В самом деле, храм в Токмаковом переулке не имел конкретных исторических прототипов, как часто бывало в церковном зодчестве начала XX в., о них не пишет и Бондаренко. Разве что двускатное покрытие звонницы и небольшие бочки в основаниях главок напоминали формы клетских деревянных храмов Русского Севера, как обмолвился в своих воспоминаниях архитектор: «вспомнился наш Север». Обмолвка красноречива, как известно, именно Север стал прибежищем гонимых ревнителей старого благочестия, что, видимо, заметили и оценили в его проекте московские поморцы. Еще одним важным смысловым знаком для них была икона Спаса Вседержителя в руках парящих ангелов на щипце храмовой звонницы, которая копировала икону середины XVII в. со Спасских ворот Московского Кремля[26 - Новый московский храм старообрядцев // Церковь, № 23, 1908. С. 827.]. Это напоминало им о почитаемых дониконовских временах.
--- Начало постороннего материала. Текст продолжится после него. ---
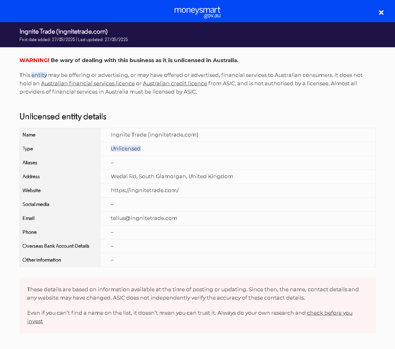 名称Ingnite Trade (ingnitetrade.com) 类型无牌照向澳大利亚民众提供金融服务(包括金融产品)。他们未持有澳大利亚证券和投资委员会(ASIC)颁发的澳大利亚金融服务(AFS)牌照或澳大利亚信贷执照。 别名– 地址英国南格拉摩根Wedal路 网站https://ingnitetrade.com/ 社交媒体– 电子邮箱tellus@ingnitetrade.com 电话– 海外银行账户信息– 其他信息–.

Общая объемно-пространственная композиция постройки традиционна: притвор, колокольня, собственно храм и алтарная апсида нанизаны на ось запад – восток. Однако нельзя не подчеркнуть, что трактовка всех форм храма была весьма опосредованной и далекой от привычных первообразов, причем их бросающаяся в глаза современность сочеталась у Бондаренко с конструктивной новизной – он смело использовал железобетон во всех частях зданий, привлекая к строительству известного инженера А.Ф. Лолейта, работавшего в лучшей фирме по бетонным работам «Юлий Гук».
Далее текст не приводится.